(Extracted data)

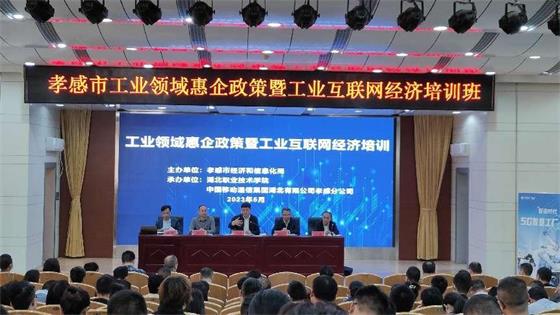 2023年孝感市工业领域惠企政策与工业互联网经济培训班与5月9日在学校文博楼学术报告厅开班。培训班旨在加快推动制造业企业工业互联网升级,积极推进食品企业诚信体系建设,提升消费品企业开展网络营销的能力。培训班由孝感市经济和信息化局主办,开云kaiyun官方网站和中国移动通信集团湖北有限公司孝感分公司联合承办。孝感市经信局党组成员、副局长叶剑刚,市经信局党组成员、总经济师杨杰,开云kaiyun官方网站党组成员、副校长袁胜华,开云kaiyun官方网站旅游与开云kaiyun官方网站院长徐斌华,中国移动通信集团湖北有限公司孝感分公司政企部经理王显清出席,经信部门分管负责同志、业务负责人,来自孝感市8个县市区各县(市、区)企业代表共计130余人参加了培训,开班仪式由孝感市经信局党组成员、副局长邱鹏主持。
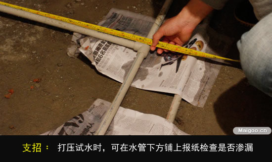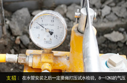 在水管安裝之后一定要做打壓試水檢驗,測試通過不漏水后才能正常使用。打8―12KG的氣壓,氣壓至少保持半個小時以上才算合格。
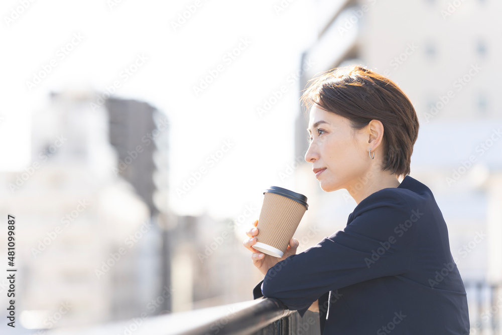屋上でコーヒーを飲んで休憩するビジネスウーマン
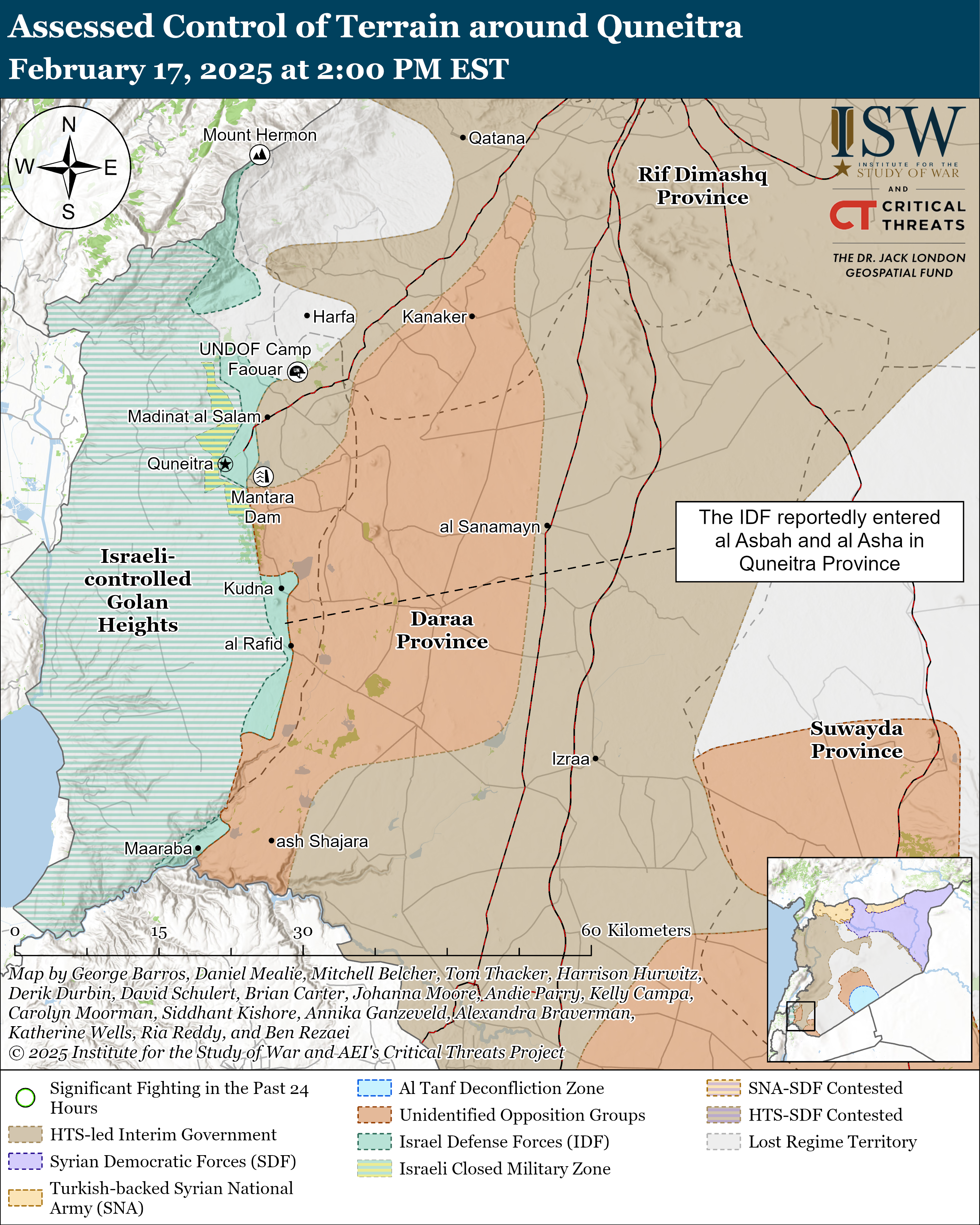 The IDF continued to operate along the Golan Heights in southern Syria. Syrian media reported that Israeli forces entered al Asbah and al Asha in Quneitra Province on February 17.[44]
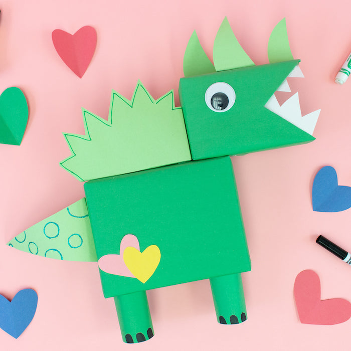- Cut out triangles or wave shapes and glue them to the top of the box to make dino horns.
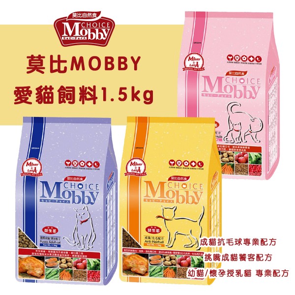 莫比MOBBY 貓飼料『幼母貓、成貓化毛、挑嘴貓』 1.5k小包 貓飼料 幼貓 成貓 飼料 母貓 挑嘴貓
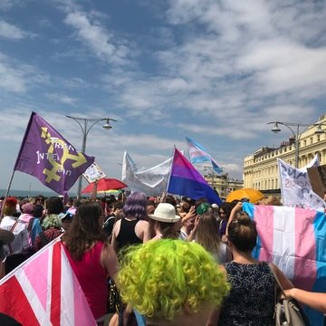 My first time feeling confident enough (and having friends who wanted to go!) for the Trans Pride afterparty at Concorde 2. After quite a few drinks and realising I had a crush on my friend (now my partner) the three of us got these instant photos from the photobooth and laughed as we realised how unflattering they were. It was also the night the Royal Albion Hotel burnt down - the air was full of smoke and the energy was a bit manic. It was nice to celebrate trans joy amid turbulent times for our community.
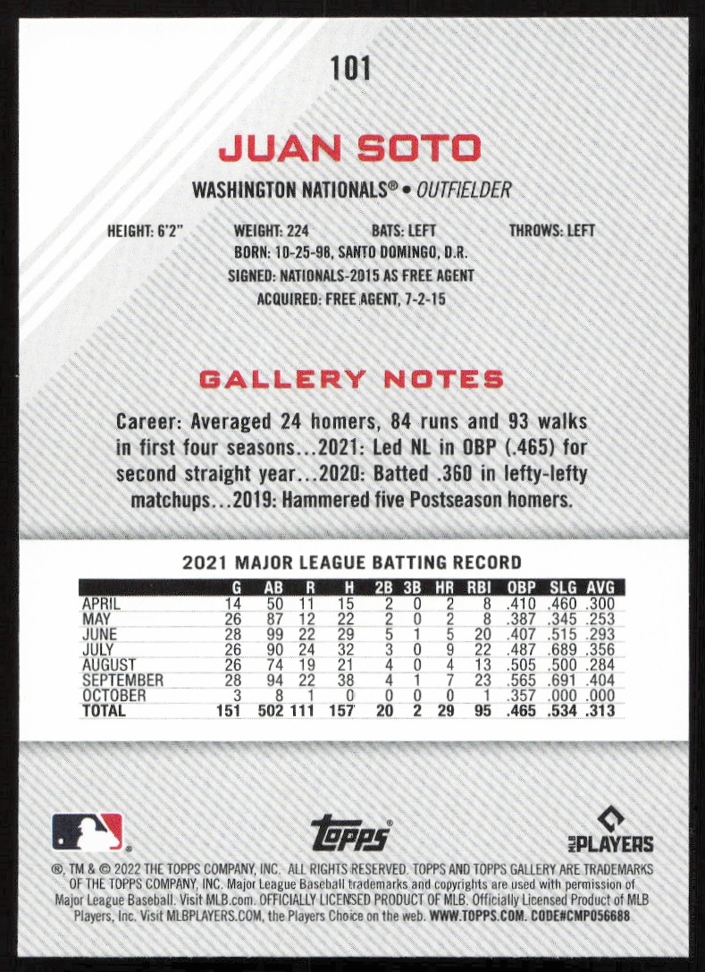 This Baseball card, from 2022 is part of the Topps Gallery card set. Juan Soto is featured and has a card number of 101.
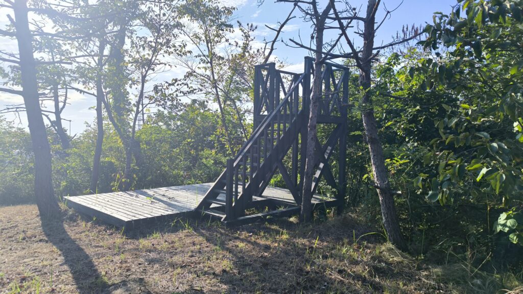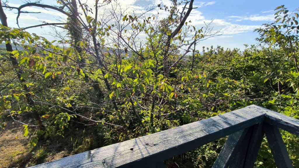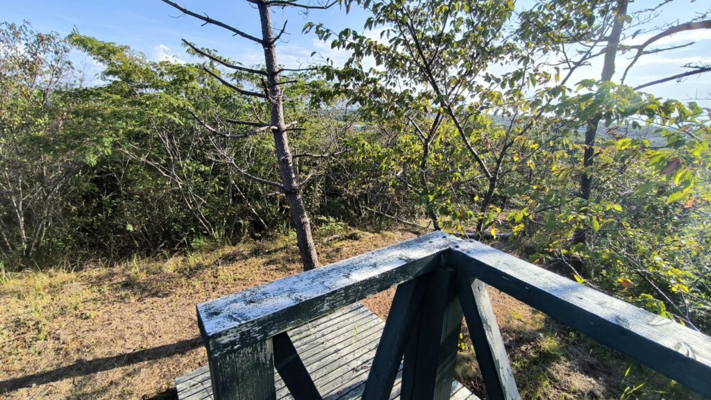 何も見えんっ!!周りの木よりもだいぶ低いよ!もっと高い展望台作ってほしいですね😭

(End Extracted data)

#### Exercise brief:
Quote, without alteration, the lines running from the line containing "在水管安裝之后一定要做打壓試" to the last line of the entries, and include no pictures.

#### Exercise response:
 在水管安裝之后一定要做打壓試水檢驗,測試通過不漏水后才能正常使用。打8―12KG的氣壓,氣壓至少保持半個小時以上才算合格。
屋上でコーヒーを飲んで休憩するビジネスウーマン
 The IDF continued to operate along the Golan Heights in southern Syria. Syrian media reported that Israeli forces entered al Asbah and al Asha in Quneitra Province on February 17.[44]
- Cut out triangles or wave shapes and glue them to the top of the box to make dino horns.
 莫比MOBBY 貓飼料『幼母貓、成貓化毛、挑嘴貓』 1.5k小包 貓飼料 幼貓 成貓 飼料 母貓 挑嘴貓
 My first time feeling confident enough (and having friends who wanted to go!) for the Trans Pride afterparty at Concorde 2. After quite a few drinks and realising I had a crush on my friend (now my partner) the three of us got these instant photos from the photobooth and laughed as we realised how unflattering they were. It was also the night the Royal Albion Hotel burnt down - the air was full of smoke and the energy was a bit manic. It was nice to celebrate trans joy amid turbulent times for our community.
 This Baseball card, from 2022 is part of the Topps Gallery card set. Juan Soto is featured and has a card number of 101.
 何も見えんっ!!周りの木よりもだいぶ低いよ!もっと高い展望台作ってほしいですね😭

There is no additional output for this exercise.